Писавший о том, каким примером был социалистический театр для театра иностранного, С. Мокульский большое место в связи с этой проблемой отдал именно Камерному театру. Он отмечал, что «ни одна, даже самая краткая книга по истории театра двадцатого века не обходится без рассмотрения творчества Таирова после творчества Станиславского» (и Мейерхольда, добавим мы). Говоря о широком распространении за рубежом книги «Записки режиссера» после ее перевода на немецкий язык под названием «Раскрепощенный театр», Мокульский пишет, что «этими словами западная критика часто стала называть Московский Камерный театр». Этим подчеркивалось, что творчество МКТ в годы революции свидетельствовало на Западе о развитии и расцвете искусства в нашей стране. Краткий вывод Мокульского — «влияние Таирова на новую зарубежную режиссуру было огромно» — опирается на творчество режиссеров многих стран. Мокульский указывает на Леона Шиллера в Польше, Леопольда Йеснера и К.‑Г. Мартина в Германии, Э.‑Ф. Буриана в Чехословакии; утверждает, что «кое чем обязан Таирову и Жан Вилар», упоминает режиссеров «авангардистских театров во Франции»[cd].

Но речь могла бы идти не только о режиссерах и театрах. «“Оптимистическая трагедия” в Камерном театре оказалась для меня самым ярким и свежим театральным переживанием, — говорит Жан-Ришар Блок. — Это нечто новое, грандиозное не только по остроте подачи, экспрессивности драматургической манеры, но и прежде всего по своей социальной выразительности»[cdi]. {296} «Социальная выразительность» спектаклей Таирова, «острота подачи» драматического текста не могли не влиять на другие искусства — не только на театр. Этот вопрос требует изучения, как и проблема влияния стиля Камерного театра на стиль режиссеров разных стран мира. Но поставить его необходимо. Ибо не только драматургия «создает» театры — сценическое искусство тоже «создает» драматургию.

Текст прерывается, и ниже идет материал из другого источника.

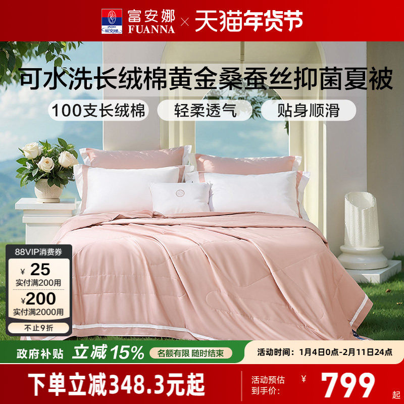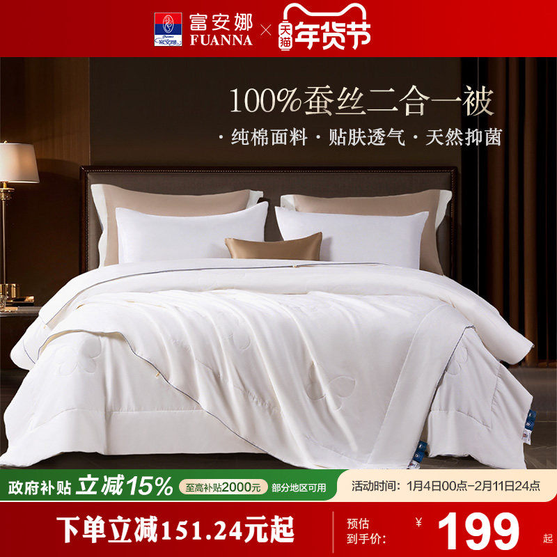 富安娜被子蚕丝被四季通用桑蚕丝被芯空调被二合一子母夏凉被冬被
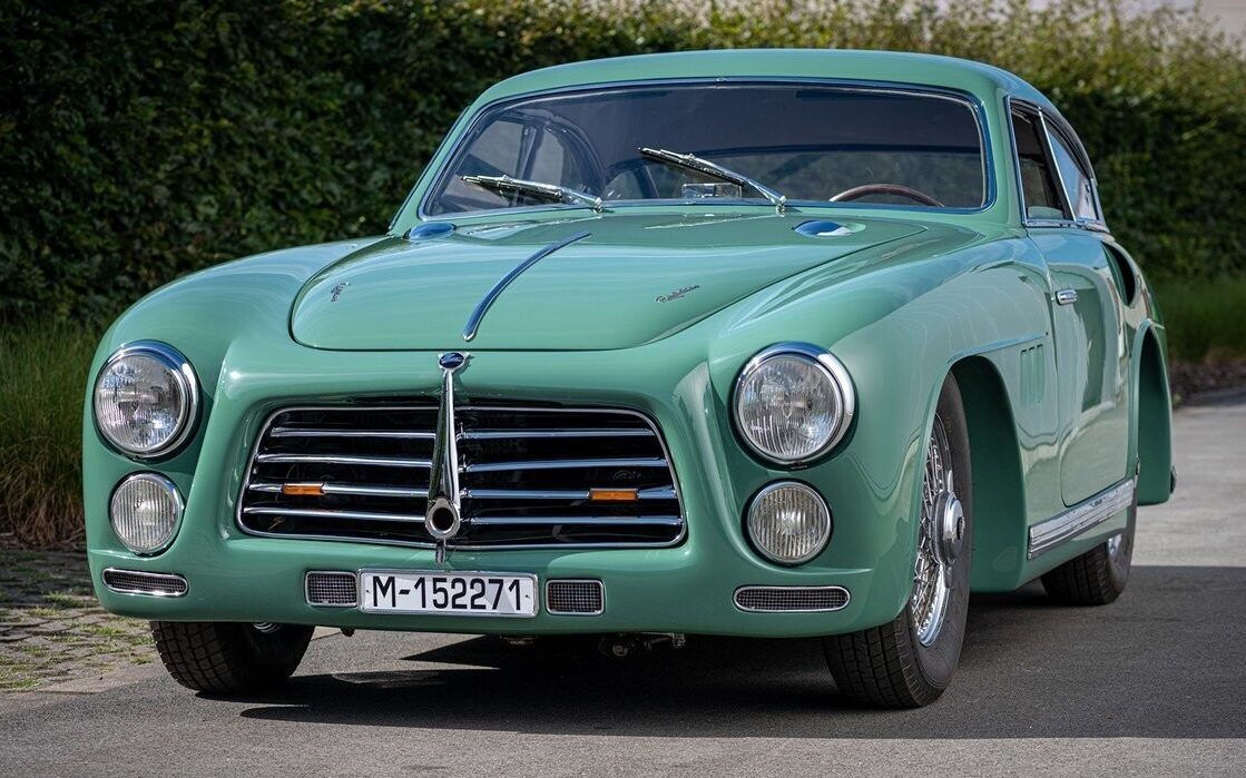 Ricart’s engine was intensely ambitious: a dry sump aluminum V8 with four gear-driven camshafts, sodium valves, a Bosch magneto, and hemispherical combustion chambers. Initially, displacement was 2.5 liters but later engines grew to 2.8 and 3.2 liters. Several carburetor options were offered, from a single Weber up to four for all-out competition. Ricart even experimented with superchargers. Horsepower ran from 165 for the “base” configuration to 225 for the supercharged cars. This car was first assigned chassis 0102 and was apparently a cabriolet. In 1952 it was converted to a Berlinetta at the factory and given a 2.8-liter engine. A five-speed transaxle drives the rear wheels. At least a few examples were fitted with a ZF limited slip differential. Despite the engineering prowess applied to the car’s mechanicals, the Z-102 was not a winner on the track. But this chassis was shown quite successfully by the factory at various concours until an accident in 1954 necessitated a complete rebuild. At that point it was assigned a new chassis number – 0201 – and finally sold as a new car.

«Одна и та же актриса поет Жирофле, декламирует и играет великолепную роль Федры — в схематических, пламенных, почти трансатлантических декорациях. После гастролей Камерного театра невозможно больше смотреть на мизансцены “Федры” в Комеди Франсэз». — Эти строки из рецензий на гастроли Камерного театра во Франции в 1923 году — одно из свидетельств, что таировская «Федра» «сдвинула» традиционные представления об «академическом» искусстве Франции, о Парижской «театральной академии»; но их можно рассматривать и шире. «Каким способом мог раскрепощенный театр победить классическую окоченелость? Тем, что он прежде всего из риторических машин сделал живых людей, — писали о “Федре” в Лейпциге в 1923 году. — Эти русские актеры, кажется, не знают фальшивого пафоса. Они никогда не гремят. Мелодия их речи пробегает в узких границах очень размеренно колеблющегося повышения и понижения. Но самое характерное: она каждое мгновение самым интенсивным образом насыщается вибрирующими потоками чувств, которые находят изумительное выражение в движениях тела, полных пленительной силы экспрессии. Это отличает этих актеров от всех, которых я до сих пор видел: их тела — инструменты неслыханной тонкости и беспримерного богатства, инструменты, отражающие по желанию каждое движение души или чувства. На этом своем инструменте москвичи аккомпанируют стихам Расина. Нужно было видеть, как бесконечные диалоги наполняются смыслом благодаря игре тела, слушающего внимательно партнера, как они приобретают горячую кровь, трепещущую жизнь, как устраняется каждый мертвый, пустой момент, все вокруг находится в напряжении на этой и по краскам, и по форме ярко впечатляющей сцене, где тело каждого бессловесного статиста соперничает в красноречии с телом первого героя. — В том, что “раскрепощение” {297} у этих новаторов исходит от величайшего подчинения урокам новой организации их страны, и заключается тайна их глубокого воздействия…»[cdii]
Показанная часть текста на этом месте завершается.